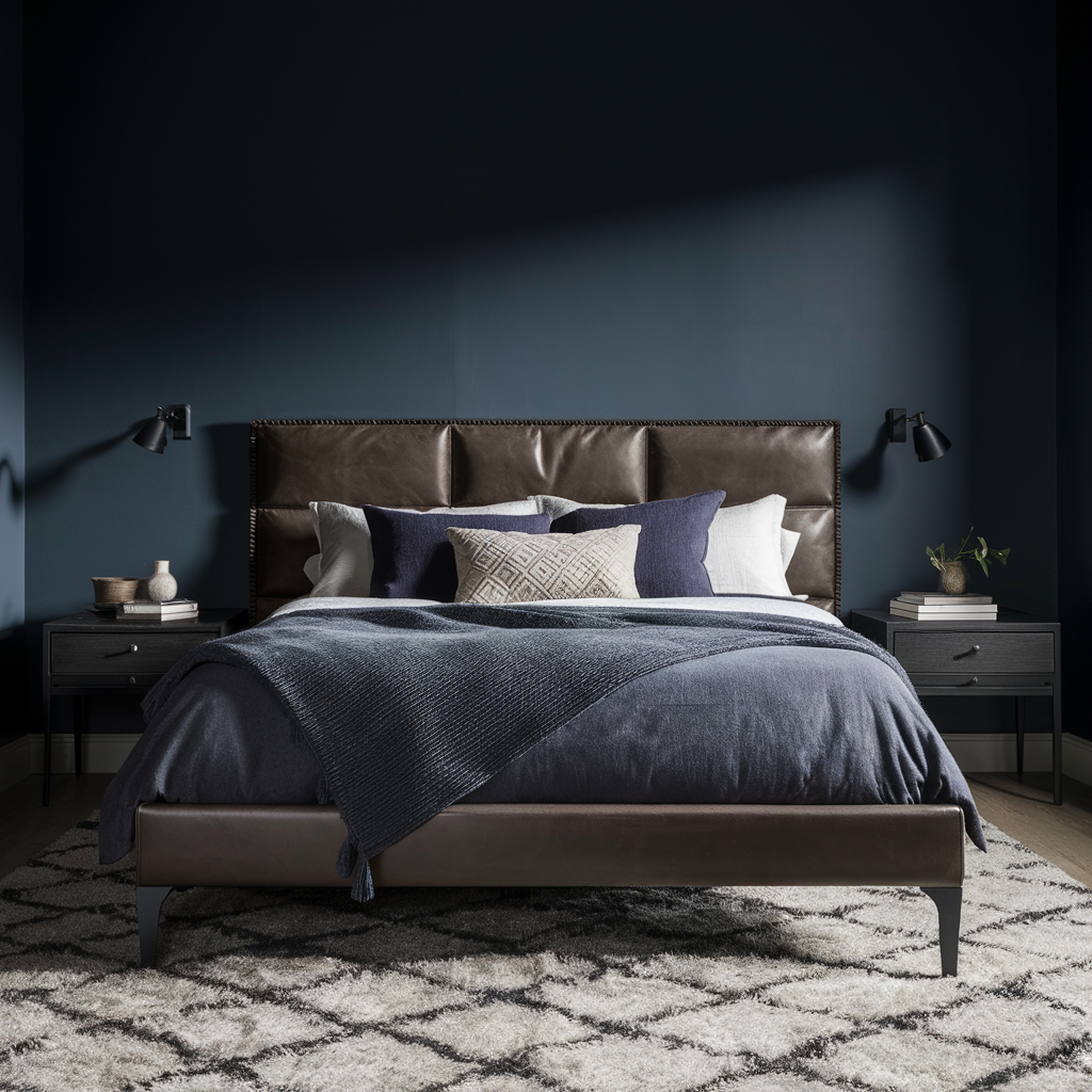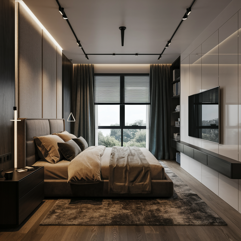 In the case of men’s bedroom design, the focus is on functionality, comfort, and subtle sophistication. A color palette that is mostly made up of dark, rich colors, such as navy, charcoal, or forest green which turns the space to be nature-derived masculinity and luxury. The focal point could be the bed, maybe with a leather or upholstered headboard, flanked with modern yet minimalist bedside tables. Introducing a neutral toned, soft area rug can alternatively achieve the same effect and also guarantee comfort. You may also want to include a fashionable armchair or a beautiful bench, which can be put at the end of the bed for extra comfort.
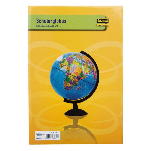 Met een diameter van 18 cm is de Idena schoolglobe het ideale leermiddel. De politieke kaart geeft een overzicht van de aarde, continenten, landen, steden, bergen en zeeën. De landen zijn in verschillende kleuren weergegeven en de zeeën in blauw. Op de zwarte kunststof houder bevindt zich een schaalverdeling van de breedtegraden van onze planeet. De schoolglobe is voorzien van een zeer stabiele, zwarte kunststof voet en een zwarte meridiaan. De globe wordt gemonteerd geleverd en is niet alleen een uitgebreide bron van informatie, maar ook een mooi woonaccessoire.
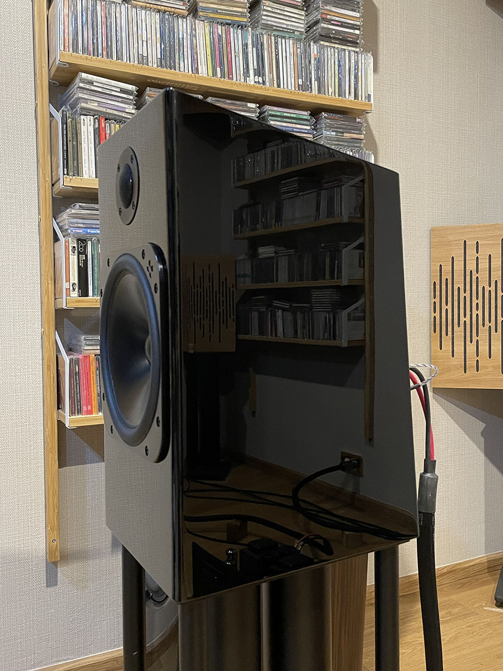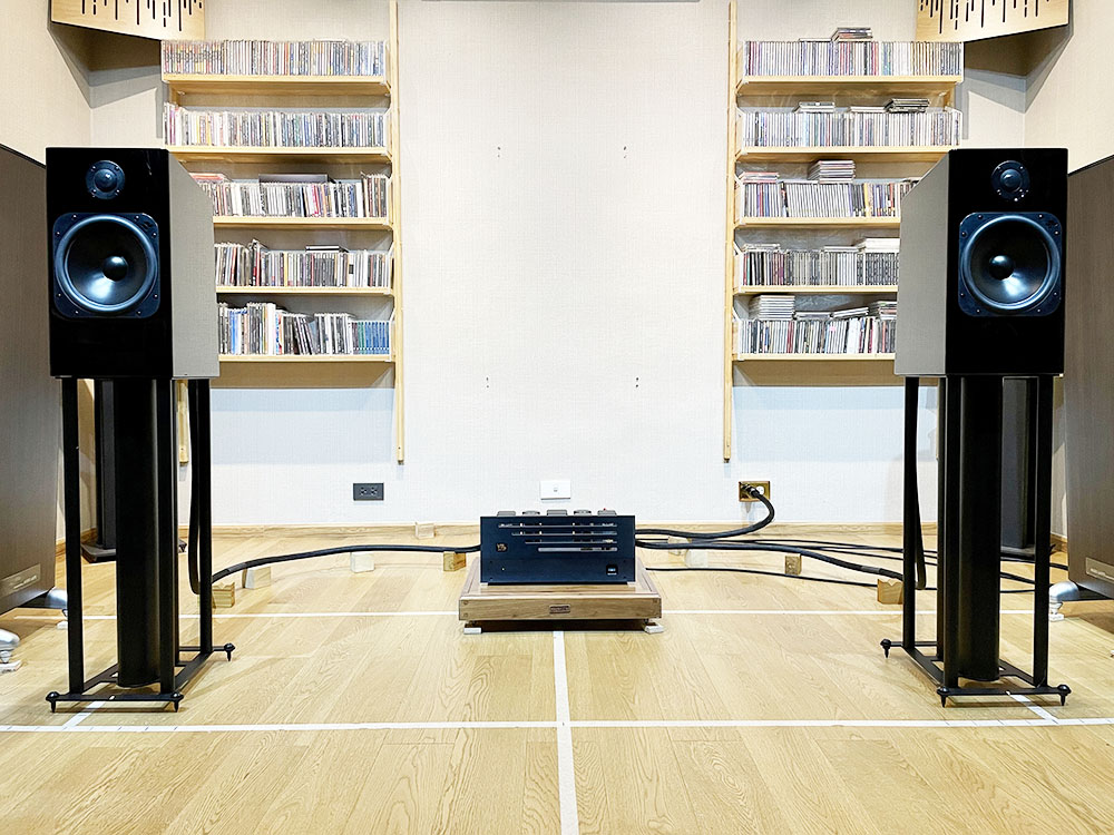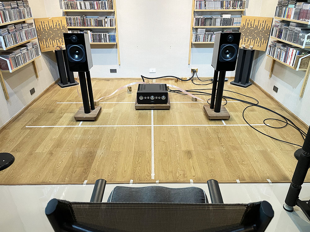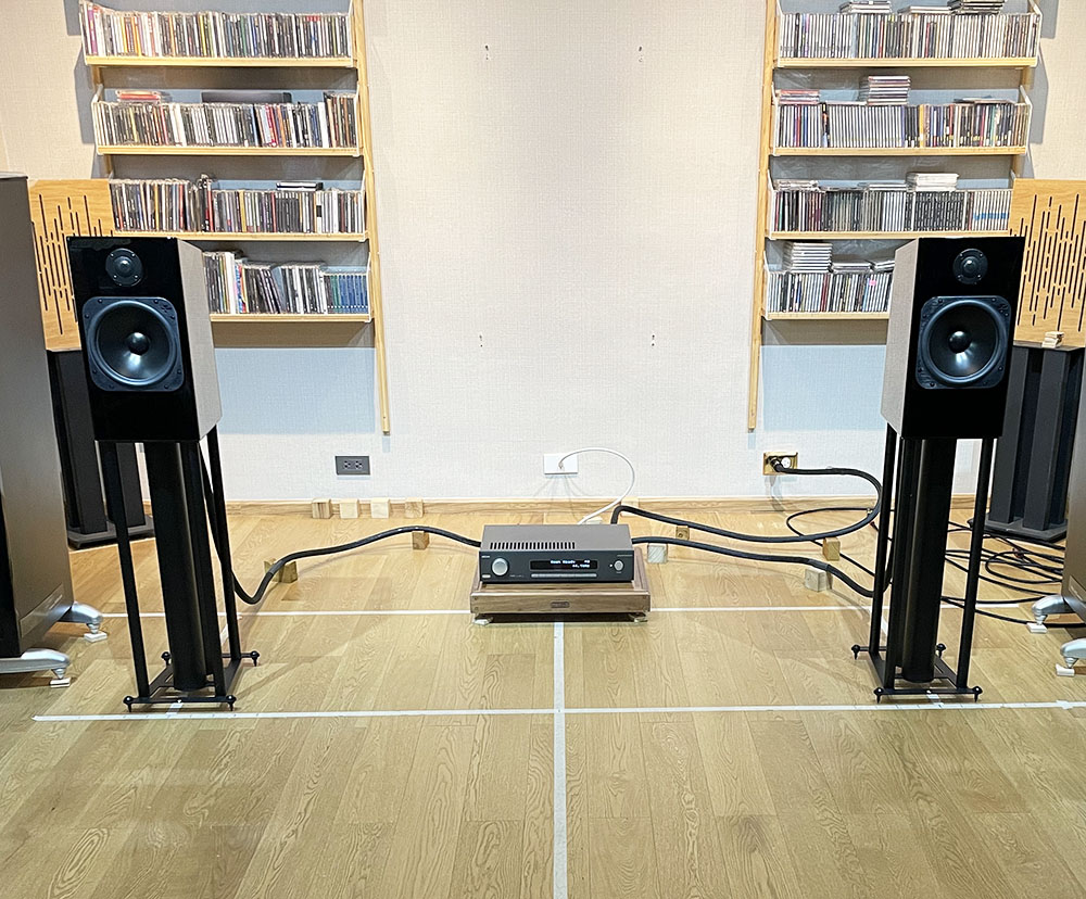 ตอนแรกที่ลำโพงมาถึง ขาตั้งตามมาทีหลัง ทำให้ช่วงประมาณ 100 ชั่งโมงแรกผมเบิร์นฯ ลำโพงคู่นี้บนขาตั้งไฮบริดจ์ไม้ผสมโลหะสูง 24 นิ้วของ Atacama รุ่น XL600 (REVIEW) ซึ่งเสียงที่ออกมาก็อยู่ในเกณฑ์ที่ดีมากน่าพอใจแล้ว ในภาพกำลังทดลองจับคู่กับอินติเกรตแอมป์ class A ของ Sugden รุ่น I-4 (REVIEW) เสียงออกมาดีมาก นุ่มนวลและไม่ยวบยาบ

### Your objective
Quote the data above in full, leaving out the pictures it holds.

### Result for this exercise
 In the case of men’s bedroom design, the focus is on functionality, comfort, and subtle sophistication. A color palette that is mostly made up of dark, rich colors, such as navy, charcoal, or forest green which turns the space to be nature-derived masculinity and luxury. The focal point could be the bed, maybe with a leather or upholstered headboard, flanked with modern yet minimalist bedside tables. Introducing a neutral toned, soft area rug can alternatively achieve the same effect and also guarantee comfort. You may also want to include a fashionable armchair or a beautiful bench, which can be put at the end of the bed for extra comfort.
 Met een diameter van 18 cm is de Idena schoolglobe het ideale leermiddel. De politieke kaart geeft een overzicht van de aarde, continenten, landen, steden, bergen en zeeën. De landen zijn in verschillende kleuren weergegeven en de zeeën in blauw. Op de zwarte kunststof houder bevindt zich een schaalverdeling van de breedtegraden van onze planeet. De schoolglobe is voorzien van een zeer stabiele, zwarte kunststof voet en een zwarte meridiaan. De globe wordt gemonteerd geleverd en is niet alleen een uitgebreide bron van informatie, maar ook een mooi woonaccessoire.
 ตอนแรกที่ลำโพงมาถึง ขาตั้งตามมาทีหลัง ทำให้ช่วงประมาณ 100 ชั่งโมงแรกผมเบิร์นฯ ลำโพงคู่นี้บนขาตั้งไฮบริดจ์ไม้ผสมโลหะสูง 24 นิ้วของ Atacama รุ่น XL600 (REVIEW) ซึ่งเสียงที่ออกมาก็อยู่ในเกณฑ์ที่ดีมากน่าพอใจแล้ว ในภาพกำลังทดลองจับคู่กับอินติเกรตแอมป์ class A ของ Sugden รุ่น I-4 (REVIEW) เสียงออกมาดีมาก นุ่มนวลและไม่ยวบยาบ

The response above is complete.